超常識その1:そもそも“情報システム部”って何するとこ?

 情報システム部は企業のIT基盤を整備する部門です。ハードウェアやネットワーク、ソフトウェアの選定・整備を行う「開発」、システムの稼働管理やセキュリティ対策を行う「運用・管理」、現業部門が効率良く業務を行えるようITツールの活用指導などを行う「ユーザー支援」と、大きく分けて3つの業務があります。

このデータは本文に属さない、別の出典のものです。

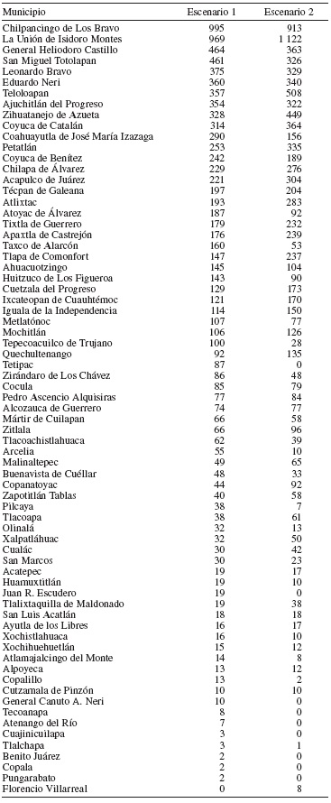 La solución de conservación en el escenario de la distribución de hábitats adecuados actuales incluyó áreas pertenecientes a 70 de los 81 municipios del estado; no se encontraron diferencias significativas al comparar la localización, de acuerdo con el municipio, de las áreas seleccionadas en ambos escenarios (N= 69, T= 1 163.5, Z= 0.263, p = 0.79). Los municipios con mayor proporción de área seleccionada fueron: Chilpancingo de Los Bravo, La Unión de Isidoro Montes de Oca, General Heliodoro Castillo, San Miguel Totolapan, Leonardo Bravo, Eduardo Neri, Teloloapan, Ajuchitlán del Progreso, Josué Azueta, Coyuca de Catalán, Coahuayutla de José María Izazaga, Petatlán, Coyuca de Benítez, Chilapa de Álvarez y Acapulco de Juárez (ver Tabla 3).

 開発はユーザー部門も含めた関係者でプロジェクトチームを組んで行います。プロジェクトリーダーが開発要件に基づいて「どんなハードウェア・ソフトウェアを使い、どんなスタッフで、どれほどの期間・コストで開発するか」計画を考え、その管理下で作業を進める形です。作業面では、システム全体の概要・機能をまとめた基本設計と、それを実現するサブシステム、プログラムなどを策定した詳細設計を作成。これらに沿って作業を行い、設計通りにシステムが動くかどうか、テストを行った上で本番環境に導入します。

 運用・管理業務では、データやプログラムを管理したり、システム全体の状況を監視して安定稼働を維持します。特に現在、多くの企業で使われているクライアントサーバシステムは、サーバとクライアントPCが分担して業務処理を行うほか、さまざまなベンダの製品が混在しています。そのため万一の際、原因を特定しにくいという問題があります。そこで過去の障害事例と解決法をまとめるなど、復旧対策を用意することも重要な業務となっています。IT運用管理の国際基準「ITIL」を参考に運用環境を整備するのが一般的です。

 また、個人情報保護法や4月施行の日本版SOX法を順守する上では情報漏えい対策も不可欠。「どの情報を、どの脅威から、どう守るか」をまとめたセキュリティポリシーを定め、サーバルームへの入退室管理、ID・パスワードによるシステムのアクセス制限などを行います。セキュリティ管理の認証基準「ISMS認証」取得を1つの目安とするケースも多く見られます。

 このように情報システム部の仕事は多岐にわたります。そこで働くには、システムやソフトウェア、ネットワーク関連の知識・技術はもちろん、さまざまな立場の人と円滑にコミュニケーションを図るヒューマンスキルも不可欠です。プロジェクトリーダーなら計画を成功に導くリーダーシップや、PMBOKなどプロジェクトマネジメントの知識も必要です。システムを効率良く開発・運用するため、社外に業務委託するアウトソーシング・オフショアリングも盛んですが、委託先管理にもこうしたスキルが求められます。

 現在はITの活用が業績向上のカギを握る時代。情報システム部には、経営トップやCIOをIT面から支援する戦略的部門としての期待が高まっているだけに、経営とIT、両面の知識・スキルを兼ね備えた人材が、今後ますます必要になるといわれています。